これらのHMDデバイスは、300ドル程度の価格帯で2017年内に発売される予定だ。「Microsoft HoloLens」とは異なり、PCのハードウェアリソースを使ってVR/MR環境を実現する個人向けHMDデバイスとなる。
VR/MRコンテンツを作成する開発環境も整い始めている。Microsoftは3月1日、開発者向けにAcer製HMDデバイスとWindows 10 Insider Preview、SDK、ドキュメントなどをセットにしたパッケージを用意し、申し込みを受け付けている。
この開発キットに同梱されるAcer製HMDデバイスは、90Hzのリフレッシュレートを持つ1,440×1,440ピクセルの液晶ディスプレイと、3.5mmジャックによるオーディオ出力&マイク入力、表示用のHDMI 2.0とデータ転送用のUSB 3.0端子を備えている。解像度については、HP製HMDデバイスにも「1440^2」というロゴがあることから、1,440×1,440ピクセルが標準スペックとなるようだ。
さて、Windows 10 Insider Previewでは、すでにUWP (ユニバーサルWindowsプラットフォーム) アプリケーション「複合現実ポータル」を通じて、VR/MRコンテンツを体験できる。
複合現実ポータルを起動すると、最初に自身の身長を登録し、HMDデバイスの装着をうながされる。
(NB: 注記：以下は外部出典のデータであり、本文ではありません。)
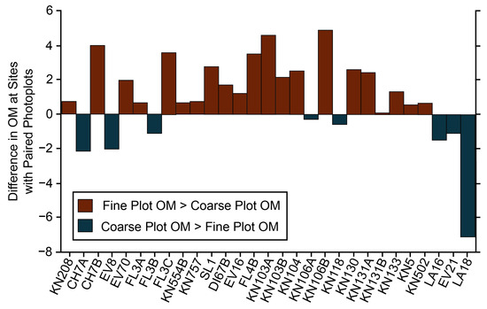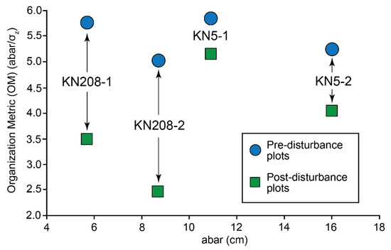 Our third field functionality test for OM compared pre and post-disturbance values for OM and σz for four plots that were manually disturbed with a shovel following the initial photo-documentation. We predicted that OM in the artificially disturbed plots would be lower than in those same plots prior to manual disturbance. Indeed, following disturbance, zbar increased 79% ± 51% (p < 0.0001; paired 1-tailed resampling comparison of means; mean σz also increased (52.0% ± 40.0%; p < 0.0001; Table 5) and mean OM decreased significantly (31.1% ± 8.7%; p < 0.0001; Figure 9). All three variables responded significantly to disturbance.

筆者はWindows 10に対応するHMDデバイスを所有していないため、Xboxコントローラーとマウスを使って開発者向けシミュレーションモードから操作した。頭を上下左右に動かすようにコントローラーの左スティックを動かすか、マウスの右ボタンでドラッグすると視点が移動する。
仮想空間内では各UWPアプリケーションを起動し、HMDデバイスがサポートする入力ジェスチャーで操作可能になるはずだ。面白いのが各UWPアプリケーションは、ベースとなるWindows 10上で登録したMicrosoftアカウントを引き継ぎ、メールやカレンダーは、PC上で登録した内容がそのまま表示される。なお、複合現実ポータルは[Win]+[Alt]+[I]キーを押せば、各入力先を複合現実ポータルからデスクトップに切り替える仕組みだ。
入力インターフェースの主軸は、これまでのキーボード&マウスから、HMDデバイスへと移行が進むのだろうか? 長年使い続けてきたキーボードのよう機敏な入力は難しく、マウスのような柔軟性は乏しいだろうが、Windows Mixed Realityという基盤が我々に新たなUXを提供する存在となるのは間違いない。今後の開発を楽しみにしながら、HMDデバイス登場を一日千秋の気持ちで待つことにしよう。